The latest regulatory change is in line with years of prior legislation, passed with bipartisan support, that imposes few responsibilities on corporations to protect user data, and minimal penalties for the failure to do so.

Legislation regarding the telecommunications industry has instead been focused on increasing the scope of data that must be retained, in order to facilitate greater surveillance by the state. The very fact that Optus had passport and drivers’ licence numbers recorded, and therefore vulnerable, is a result of such laws.

In addition to identity information, Australia’s data retention laws require telecommunications providers to keep records of source and destination phone numbers, email addresses and IP addresses for all communication except web browsing, as well as the location of the user at the time of the transmission.

Amendments to the Security of Critical Infrastructure Act 2018 passed in 2021 allow the Australian Signals Directorate to take control of “critical infrastructure,” the definition of which has been expanded to include supermarkets, banks, financial markets, education and transport, in the event of a “cyber security incident.”

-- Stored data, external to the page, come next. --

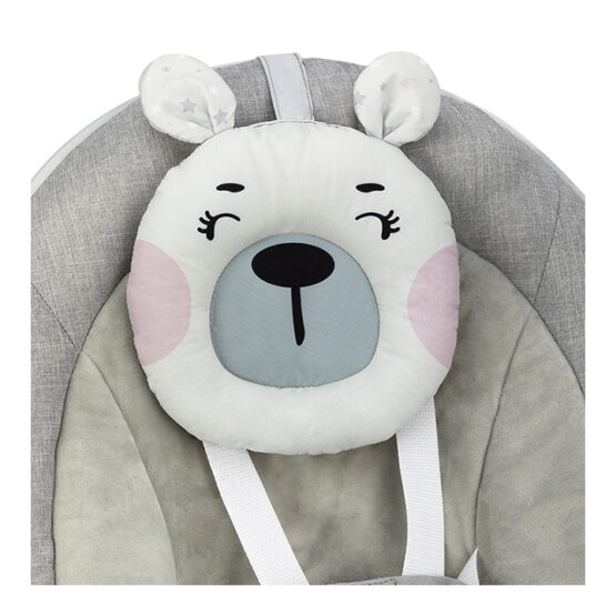 MoMi LISS имеет удобное и просторное сиденье, отделанное нежным и прохладным материалом. Также имеются 5-точечные ремни безопасности и широкий ремень для ног. | Панель управления оснащена кулисным регулятором, на выбор доступно 5 скоростей. Рокер также воспроизводит 8 песен и имеет таймер, который позволяет автоматически останавливаться через 10, 15 или 30 минут. |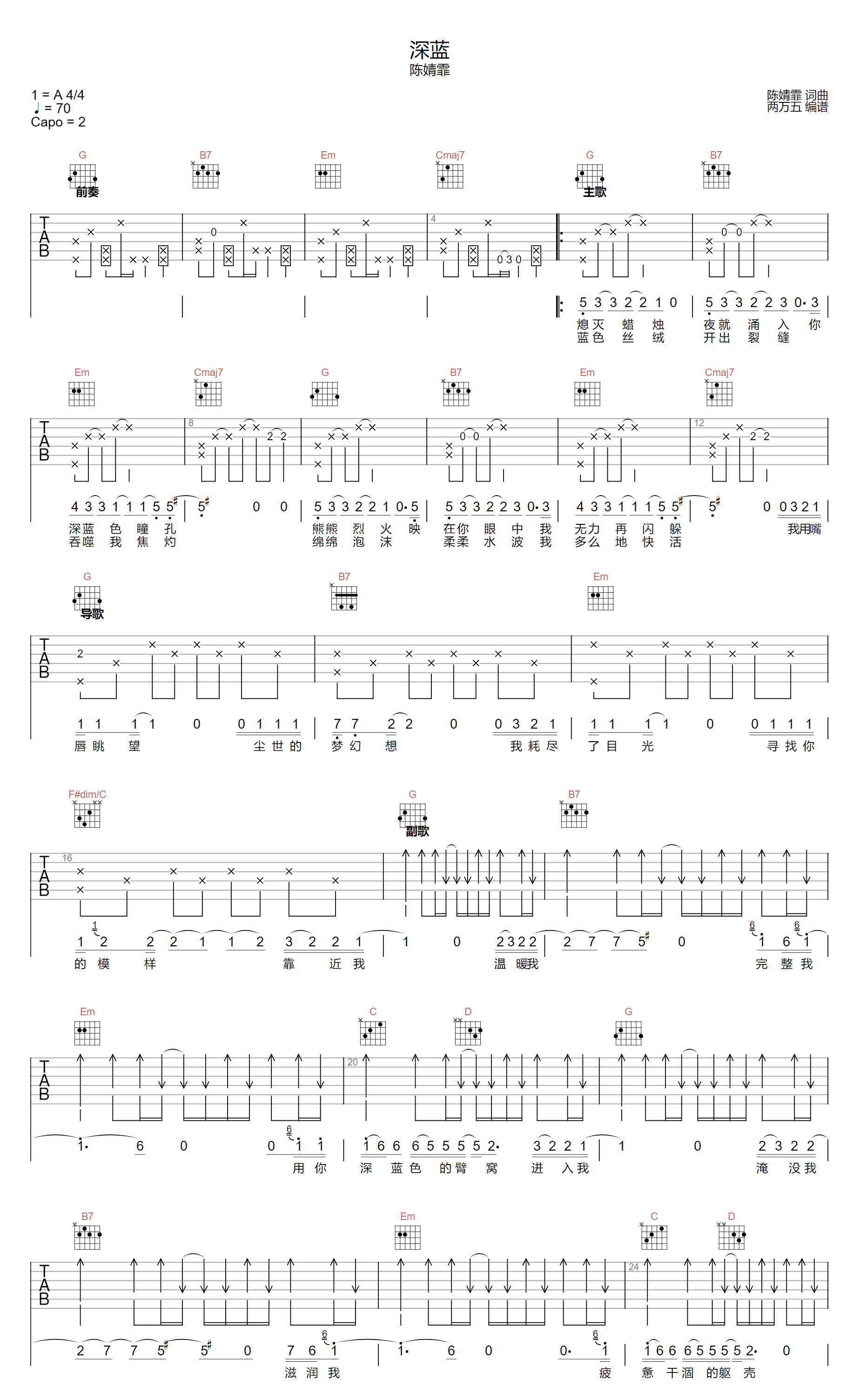 深蓝 G调指法原版编配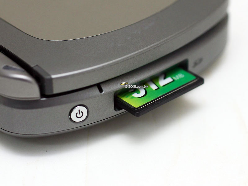 Dopod 900 的花樣很多,剛介紹一排,現在旁邊又有一堆了,如上圖所示,這裡就有一堆實用的介面或按鍵,都可以顧名思義就不多說了,比較要提的是不起眼的麥克風,設計在這裡除了可以讓使用者「不開蓋接聽電話」外,在開蓋後折疊起來通話的下巴位置也是在這裡,設計得真剛好。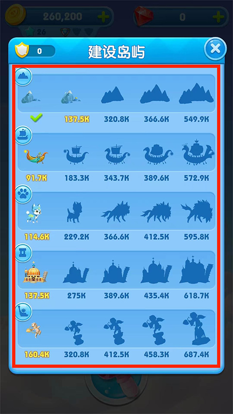 4、这里包括各种各样的建筑,点击需要解锁的建筑,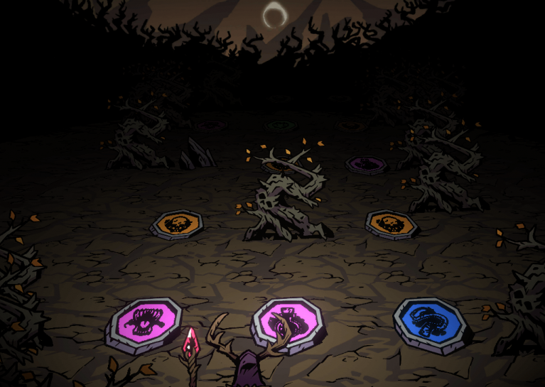 When you start the game, click on one of the nodes in front of you to progress forward. Each node will trigger a different event.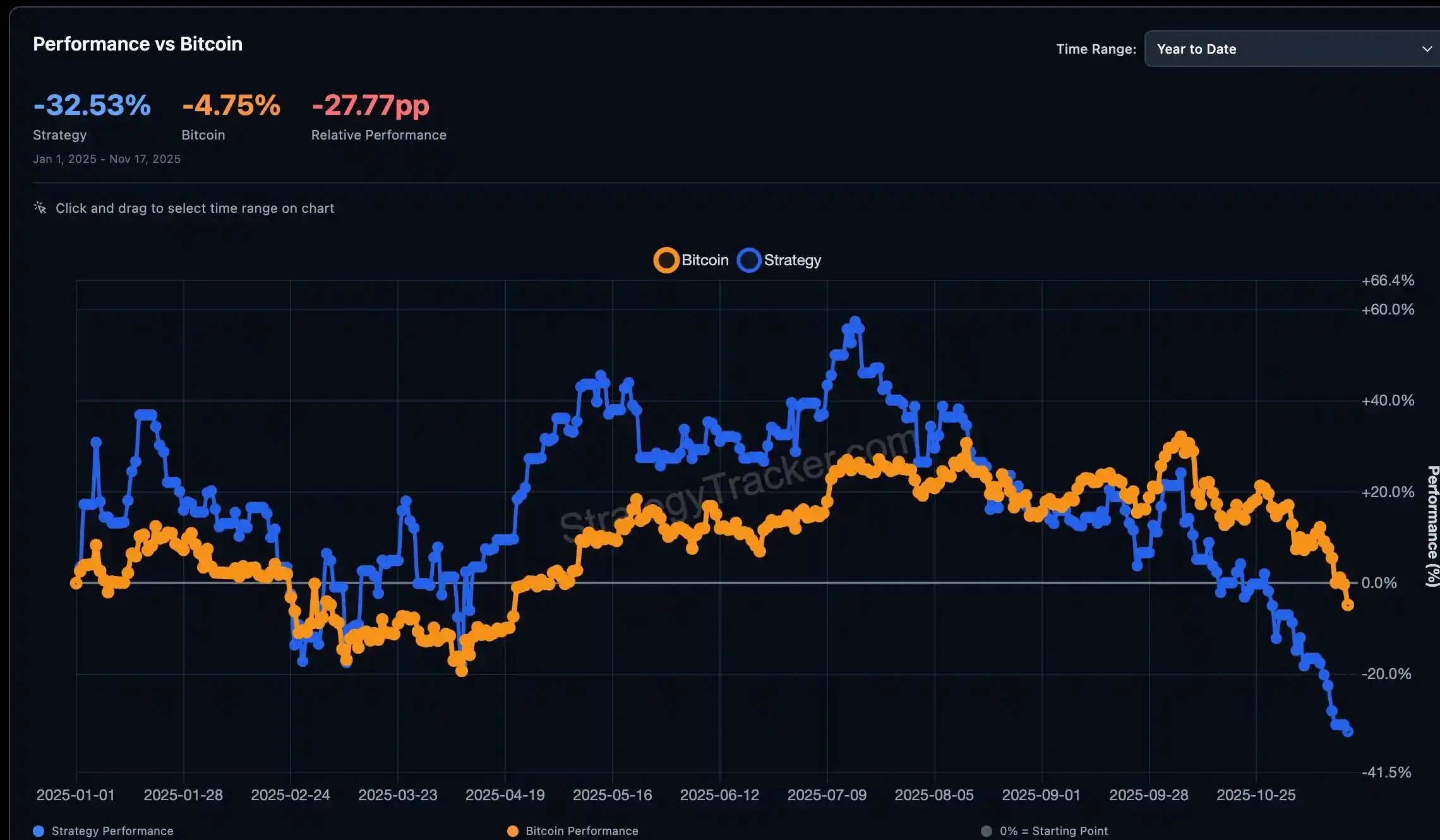 從今年年初算的話,BTC 只跌了 4.75%,但 MSTR 股價已經跌了 32.53%。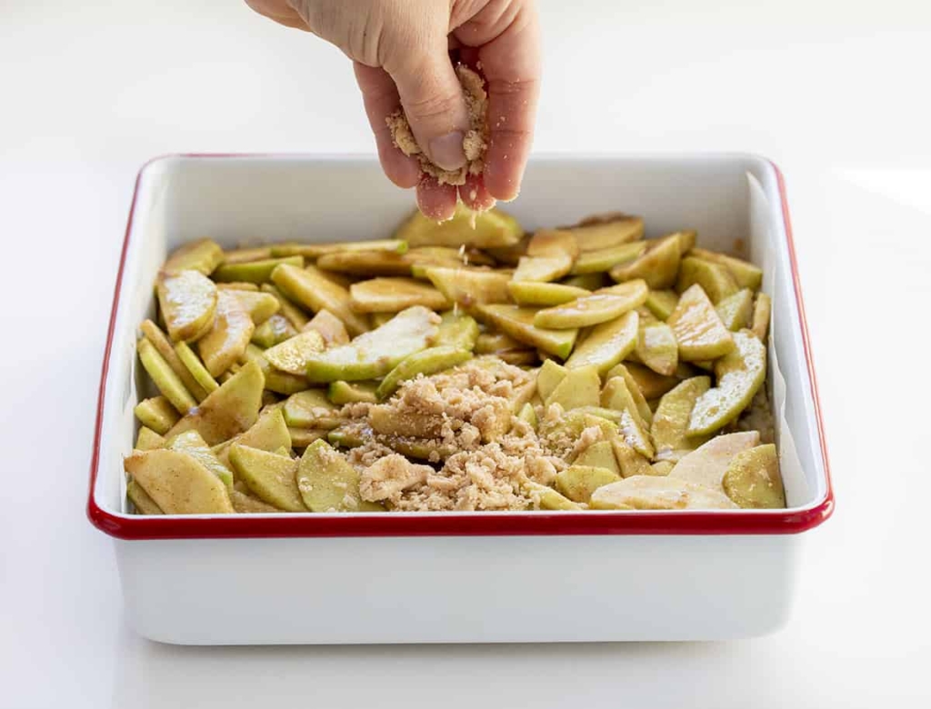 Bake for 15 minutes. While the shortbread is baking, prepare the apple mixture and the crumble topping.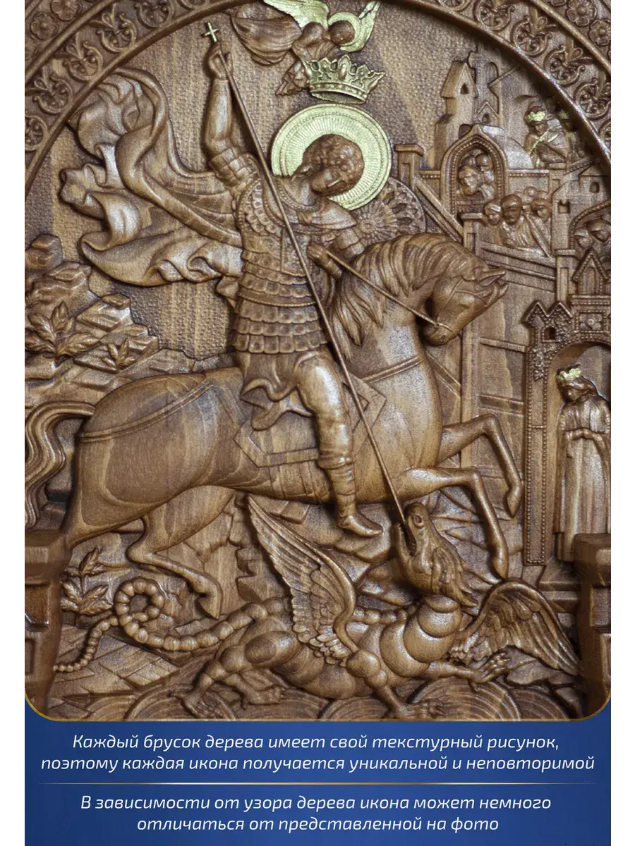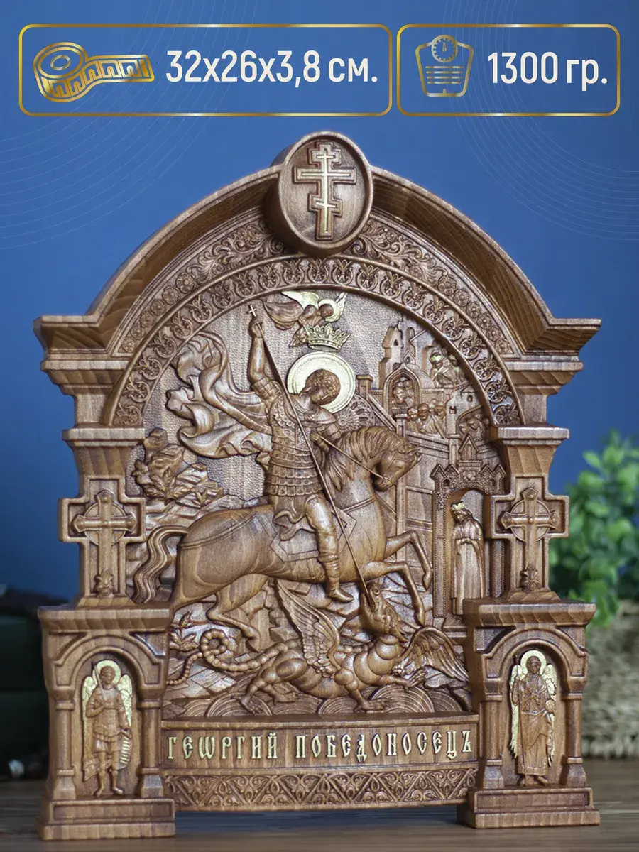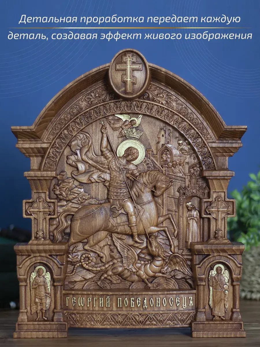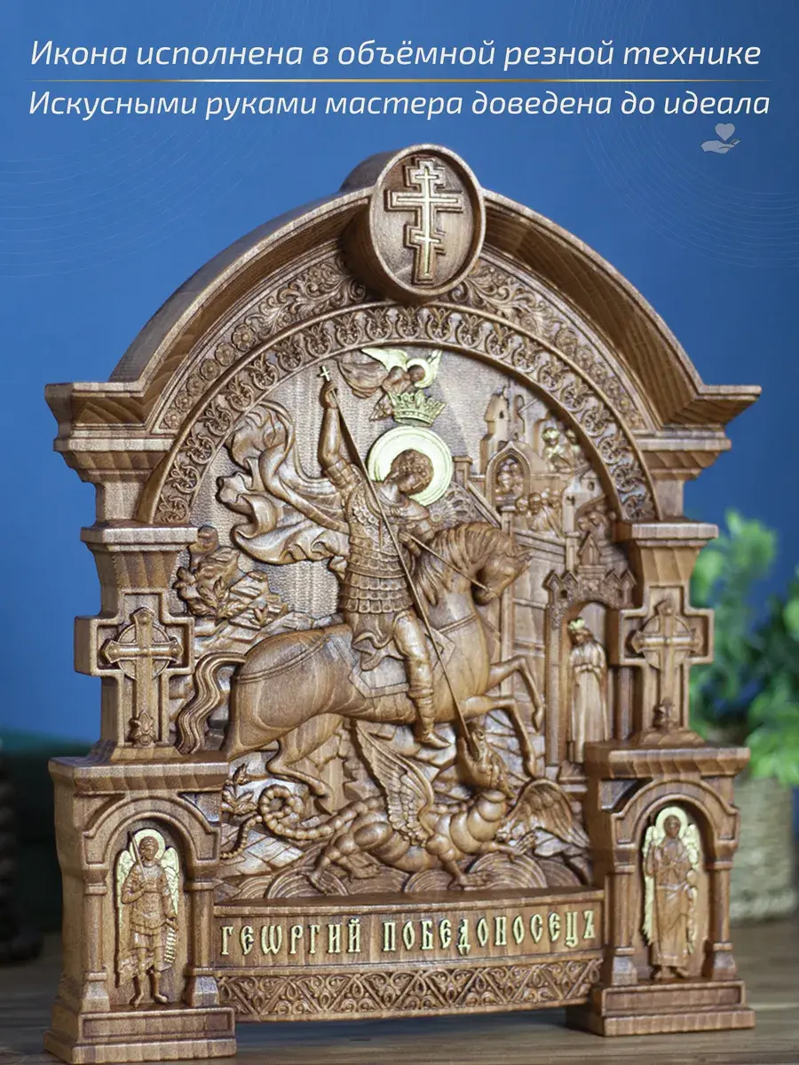 Резная икона Георгий Победоносец идеально подойдет для подарка любимым, родным и близким на любой случай жизни.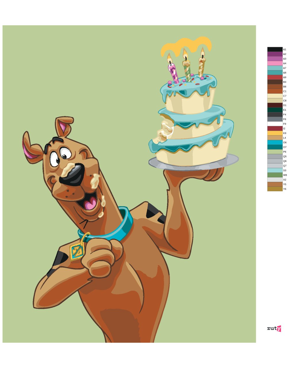 Maľovanie podľa čísel - SCOOBY S NARODENINOVOU TORTOU (SCOOBY DOO)
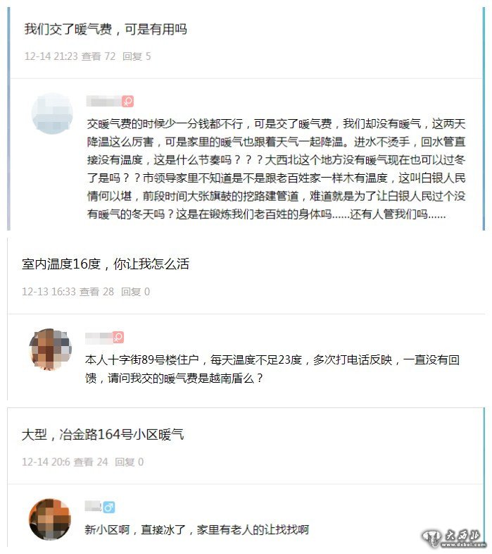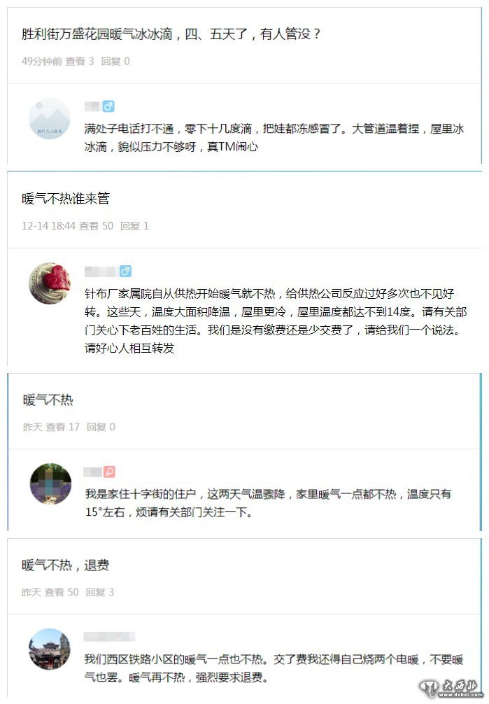 最近的暖气问题很让市民揪心,不止是王先生所在的针布厂家属院,据网友反映还有很多小区也是同样的情况,下面一起看看市民们是怎么说的: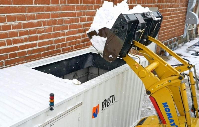 Мобильная снегоплавильная установка, работающая в автоматическом режиме на дизельном топливе.
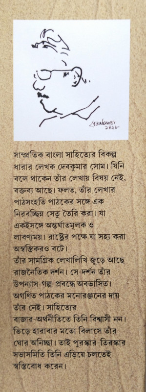 সাম্প্রতিক বাংলা সাহিত্যের বিকল্প ধারার লেখক দেবকুমার সোম। যিনি বলে থাকেন তাঁর লেখায় বিষয় নেই, বক্তব্য আছে। ফলত, তাঁর লেখার পাঠসংহতি পাঠকের সঙ্গে এক নিরবচ্ছিন্ন সেতু তৈরি করা। যা একইসঙ্গে অন্তর্ঘাতমূলক ও লাবণ্যময়। রাষ্ট্রের পক্ষে যা সহ্য করা অস্বস্তিকরও বটে।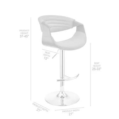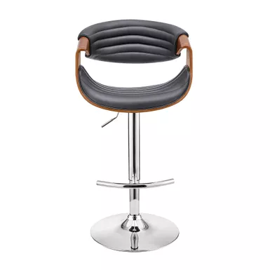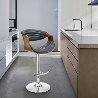 The Gionni Adjustable Swivel Gray Faux Leather and Walnut Wood Bar Stool with Chrome Base is an ideal addition to any home or apartment. The adjustable seat height functionality allows you to use this stool at your kitchen island, home bar, or peninsula without having to worry about the surface height. The convenient swivel function optimizes everyday use or entertaining, keeping everyone engaged regardless of their place in the room. The plush padded and high-density foam seat and back rest atop a strong pedestal base that creates a sturdy and comfortable seating experience. Wrapped in luxurious faux leather upholstery and complimented by beautiful wood accents, the Gionni stool has a mid-century silhouette exudes timeless beauty that will last for many years to come.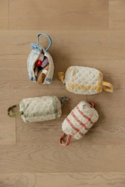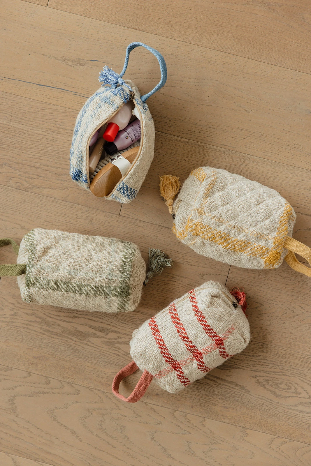 This adorable pouch, with its quilted design, convenient handle, and playful tassel, is as charming as it is practical. Perfectly sized for your toiletries during travels or as a keepsake holder for makeup and/or treasures, this pouch is a must-have.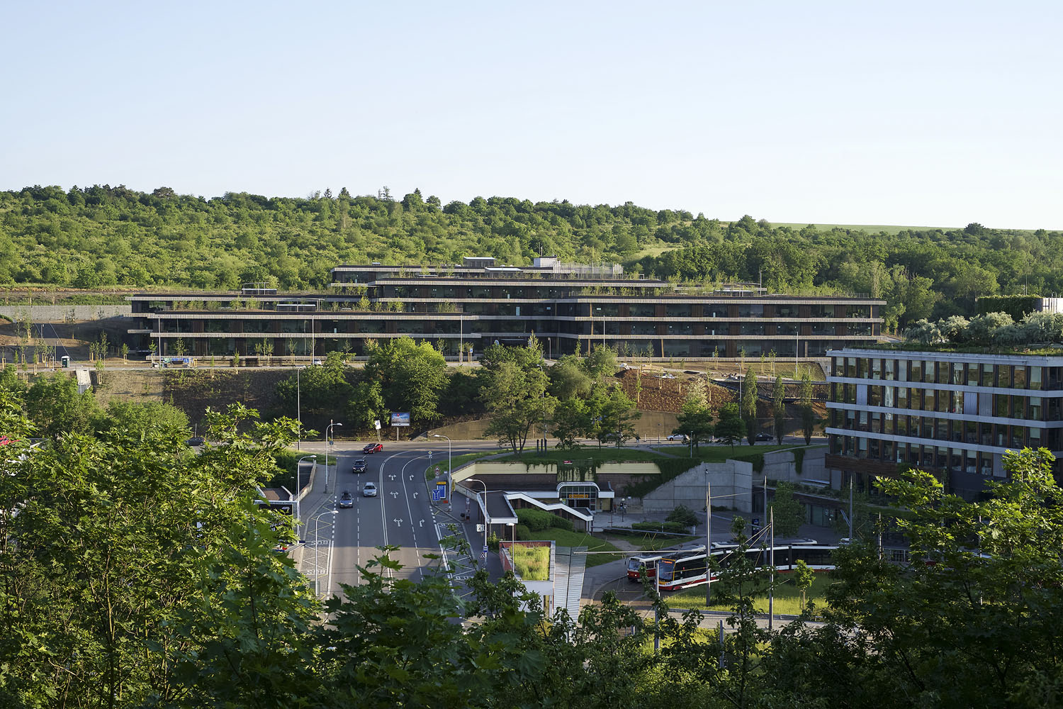 Letos byla dokončena stavba rozšířené centrály pro ČSOB v pražských Radlicích. Architekti Marek a Štěpán Chalupovi budovu navrhli tak, aby respektovala prostředí Radlického údolí a ještě posílila jeho kvality. Stavba kopíruje reliéf svahu, do kterého je umístěna, a díky použitým materiálům a střešní zeleni splývá s okolím.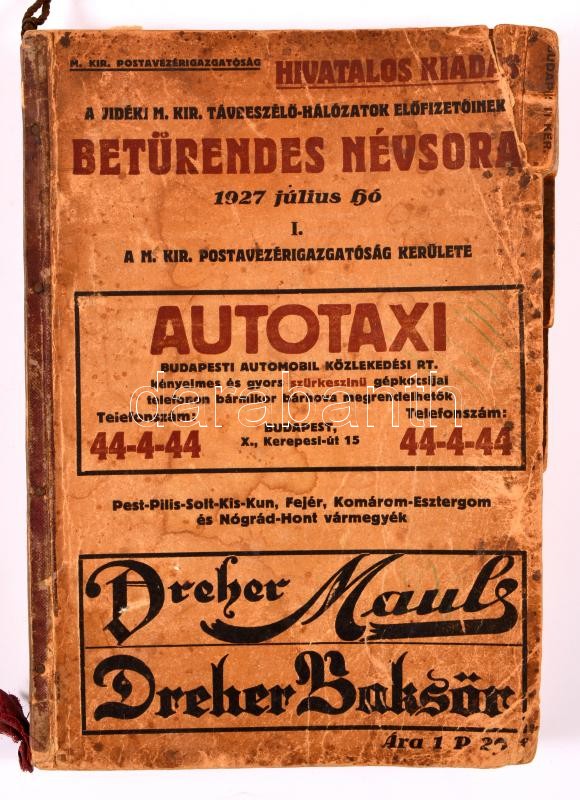 1927 Telefonkönyv. A vidéki m. kir. távbeszélő hálózatok előfizetőinek... https://www.darabanth.com/de/346-Fernauktion/346.0/Kunst-Dokumente-andere-Sammelgebiete/Drucksachen~500029/1927-Telefonkonyv-A-videki-m-kir-tavbeszelo-halozatok-elofizetoinek-beturendes-nevsora~II1940451

Law firm Corrs, Chambers and Westgarth noted last year: “The new government response powers go beyond the measures other members of the ‘Five Eyes’ alliance have implemented.”

These regulatory changes have nothing to do with protecting ordinary Australian people from the growing threat of cyber attack. Despite the propaganda campaign employed to justify ever more draconian surveillance measures, digital attacks are mostly opportunistic exploitations of vulnerabilities that exist due to the profit-led priorities of business.